A very simple internal PKI installation (as shown in the graphic would flow like this:

  1. A user requests a certificate.
  2. The Registration Authority authenticates the user and the user’s request, and once authenticated, sends the request to the Certificate Authority. (A Registration Authority is optional, the Certificate Authority can handle these requests, if necessary.)
  3. The Certificate Authority receives the request and issues the certificate to the user.

As defined by NIST in, “Introduction to Public Key Technology and the Federal PKI Infrastructure”, the PKI environment consists of:
  • Certification Authority (CA): NIST likens it “to a notary. The CA confirms the identities of parties sending and receiving electronic payments or other communications.” It digitally signs and publishes the public key bound to a given user or machine and authenticates the identity of authorized users of each certificate.

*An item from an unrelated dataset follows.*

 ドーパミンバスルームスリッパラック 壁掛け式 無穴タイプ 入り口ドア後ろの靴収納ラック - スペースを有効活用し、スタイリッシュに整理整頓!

  • Registration Authority (RA): (or subordinate CA) NIST explains, it “is an entity that is trusted by the CA to register or vouch for the identity of users to a CA.” It accepts requests for certificates, authenticates the user/machine making request, and issues the certificate for uses granted by the CA.

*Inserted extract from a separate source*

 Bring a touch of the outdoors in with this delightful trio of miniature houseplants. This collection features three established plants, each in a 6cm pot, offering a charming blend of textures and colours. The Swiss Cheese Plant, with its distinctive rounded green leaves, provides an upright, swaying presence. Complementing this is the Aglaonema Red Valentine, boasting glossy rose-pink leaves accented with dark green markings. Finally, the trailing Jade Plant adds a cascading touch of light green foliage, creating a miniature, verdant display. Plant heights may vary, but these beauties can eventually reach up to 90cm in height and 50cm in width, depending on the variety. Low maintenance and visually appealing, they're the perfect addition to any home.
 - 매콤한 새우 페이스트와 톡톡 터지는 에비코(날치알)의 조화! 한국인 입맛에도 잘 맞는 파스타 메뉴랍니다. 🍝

  • Central Directory: Again, from NIST: it “is a database of active digital certificates for a CA system. The main business of the repository is to provide data that allows users to confirm the status of digital certificates for individuals and businesses that receive digitally signed messages.”
  • Archive: is a database of public keys and certificates. The archive should store sufficient information to determine if a digital signature on an “old” document should be trusted.
  • Public Key Certificate: NIST requires one “for each identity, confirming that the identity has the appropriate credentials. A digital certificate typically includes the public key, information about the identity of the party holding the corresponding private key, the operational period for the certificate, and the CA’s own digital signature.”
  • Certificate Revocation List (CRL): Simply put, a list of certificates that have been revoked.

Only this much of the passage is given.